## EXERCISE DIRECTIONS
Each line from the one containing "للتزين : نترك" to the end of the material below is to be restated exactly, with pictures skipped.

## MATERIAL PROVIDED
■ ■ ■ ■ ■

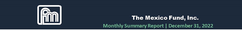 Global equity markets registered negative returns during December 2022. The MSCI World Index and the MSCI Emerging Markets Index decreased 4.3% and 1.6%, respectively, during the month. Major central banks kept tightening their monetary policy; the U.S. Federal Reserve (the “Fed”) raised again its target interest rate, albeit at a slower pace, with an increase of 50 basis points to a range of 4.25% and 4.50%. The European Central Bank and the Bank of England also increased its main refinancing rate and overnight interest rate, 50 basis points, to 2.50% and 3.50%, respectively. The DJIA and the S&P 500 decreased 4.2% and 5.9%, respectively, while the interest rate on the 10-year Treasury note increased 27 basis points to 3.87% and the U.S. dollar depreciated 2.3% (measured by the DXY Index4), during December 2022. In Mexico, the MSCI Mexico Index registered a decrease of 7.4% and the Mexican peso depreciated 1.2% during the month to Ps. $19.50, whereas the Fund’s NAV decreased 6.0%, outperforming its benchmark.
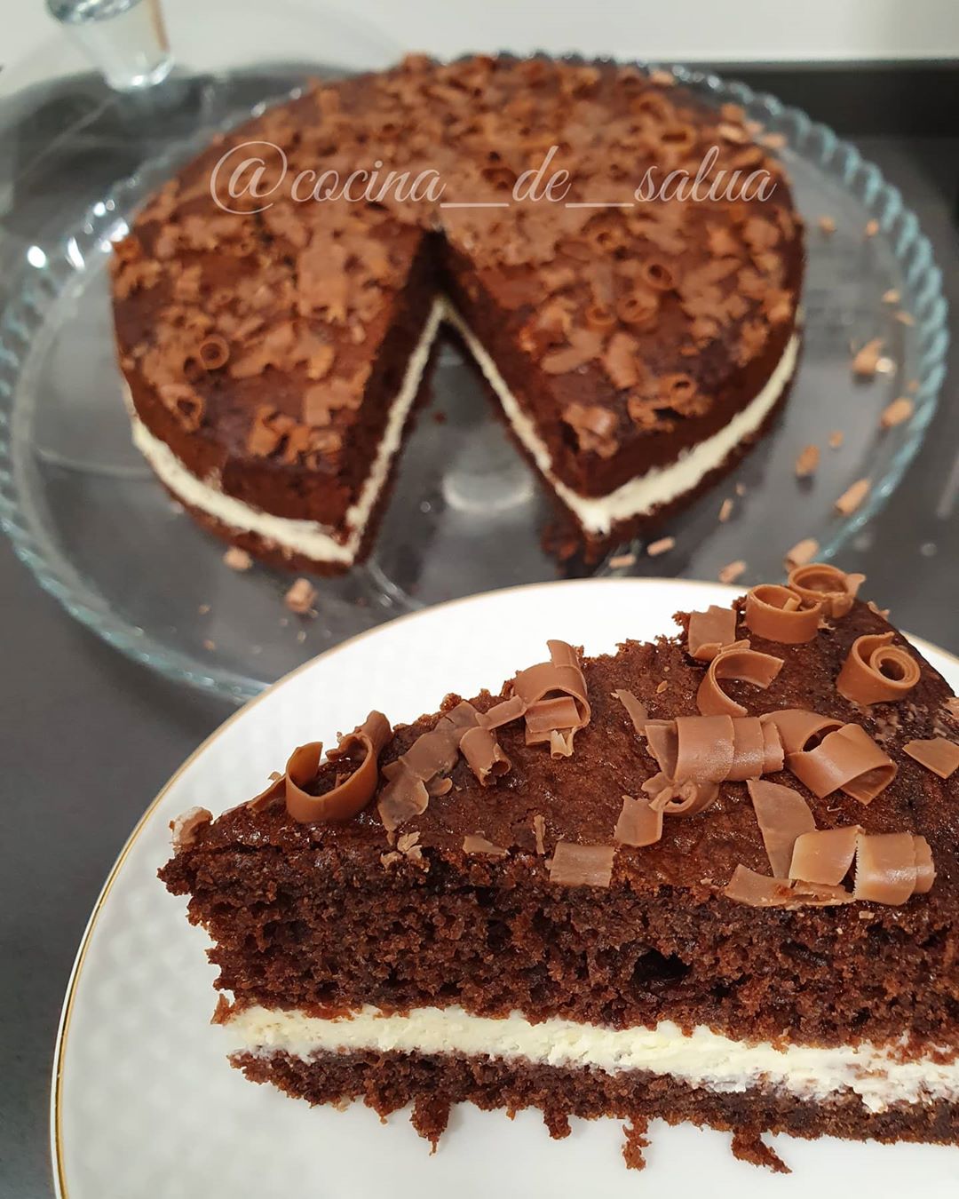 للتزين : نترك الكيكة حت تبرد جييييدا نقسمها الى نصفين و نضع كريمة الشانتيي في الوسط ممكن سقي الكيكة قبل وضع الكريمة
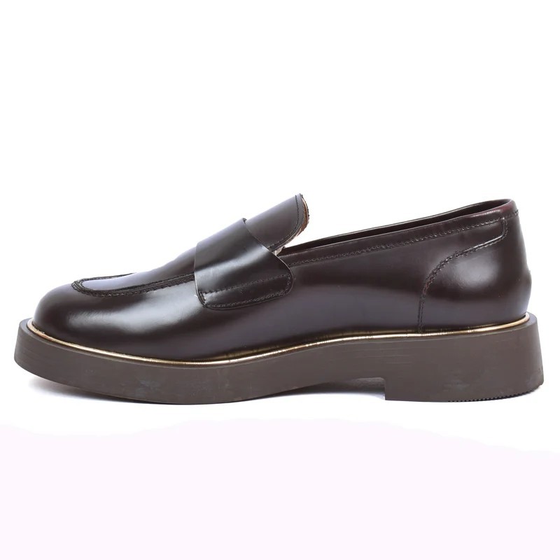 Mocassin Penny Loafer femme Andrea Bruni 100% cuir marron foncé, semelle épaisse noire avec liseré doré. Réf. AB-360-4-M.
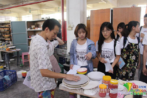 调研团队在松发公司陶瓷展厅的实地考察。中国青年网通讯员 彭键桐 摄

■ ■ ■ ■ ■

## TASK RESPONSE
 للتزين : نترك الكيكة حت تبرد جييييدا نقسمها الى نصفين و نضع كريمة الشانتيي في الوسط ممكن سقي الكيكة قبل وضع الكريمة
 Mocassin Penny Loafer femme Andrea Bruni 100% cuir marron foncé, semelle épaisse noire avec liseré doré. Réf. AB-360-4-M.
 调研团队在松发公司陶瓷展厅的实地考察。中国青年网通讯员 彭键桐 摄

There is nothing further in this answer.